PostEra

Screening cascade - fast track and regular track of designs

We’ll be sharing our screening workflow in the next few days (Ed has drafted Target Product Profiles (TPPs)). Our workflow will comprise a regular track and a fast track to maximise the speed of finding a lead candidate.

Fast track: After the second call closes, we will select up to 10 particularly exciting compounds from the 1st and 2nd calls; these will be synthesized in large enough quantities to go into all relevant assays in parallel, cutting almost 4 weeks off the testing time.

Regular track: Concomitantly, we aim to push around 400-600 compounds through the regular cascade, which staggers the scale-up synthesis and PK until after protease assays (see Ed’s post). The first batch is already with Enamine.

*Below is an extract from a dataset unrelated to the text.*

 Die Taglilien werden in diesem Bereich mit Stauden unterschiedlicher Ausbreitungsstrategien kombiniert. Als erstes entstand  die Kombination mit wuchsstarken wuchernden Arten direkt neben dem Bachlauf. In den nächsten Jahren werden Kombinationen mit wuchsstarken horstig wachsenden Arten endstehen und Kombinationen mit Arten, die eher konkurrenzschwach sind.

We plan to fast-track the compounds with the following attributes:

  • They are designed to be covalent, building on the observed covalent hits
  • They recapitulate precisely the largest number of the observed fragment-protein interactions, from across all fragments.

The ask:

  • If you are submitting multiple molecules, please flag which submission you are most confident about. In particular, we would be grateful to know any chemical rationale.
  • Please provide the fragments that inspired you.
  • Preferably: copy-paste the URL from a Fragalysis snapshot (click on “share snapshot”)
  • Please comment on the submitted compounds on the forum. This will help us decide which compounds to fast-track.

We will try to decide on and announce the fast-tracked molecules within 48h.

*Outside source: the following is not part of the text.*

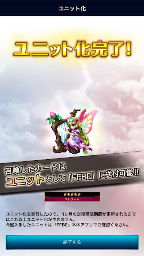 You can send one unit or fragment to the main part of "FFBE" for each one-month subscription period.

See Nir’s post for covalent warheads that we think are the most practical.

Hi Alpha,

I have some input to the assay cascade discussions that may be useful.

I believe that you do need to include affinity measurement in the cascade since you can get useful SAR from compounds that bind too weakly to be observed meaningfully in the protease assay. The affinity measurements are likely to have the greatest impact early in the lead identification phase of the project.

With respect to covalently-bound inhibitors, you and the other members of the project management/leadership group do need to think very carefully about whether you want reversible inhibitors or irreversible inhibitors. My advice would be to go for reversible inhibitors and, while irreversible inhibitors are certainly tractable, you do need to be fully aware all the implications of going down this path. I have posted in connection with this issue in the TPP section and I’d suggest that you take a look at those comments (as well as Chris Bayly’s comments in the same section). I have also written some notes on reversibility in the context of cysteine protease inhibition:

https://doi.org/10.6084/m9.figshare.12060627.v1

I hope that this input is helpful and please be in touch if you’d like to discuss in more detail.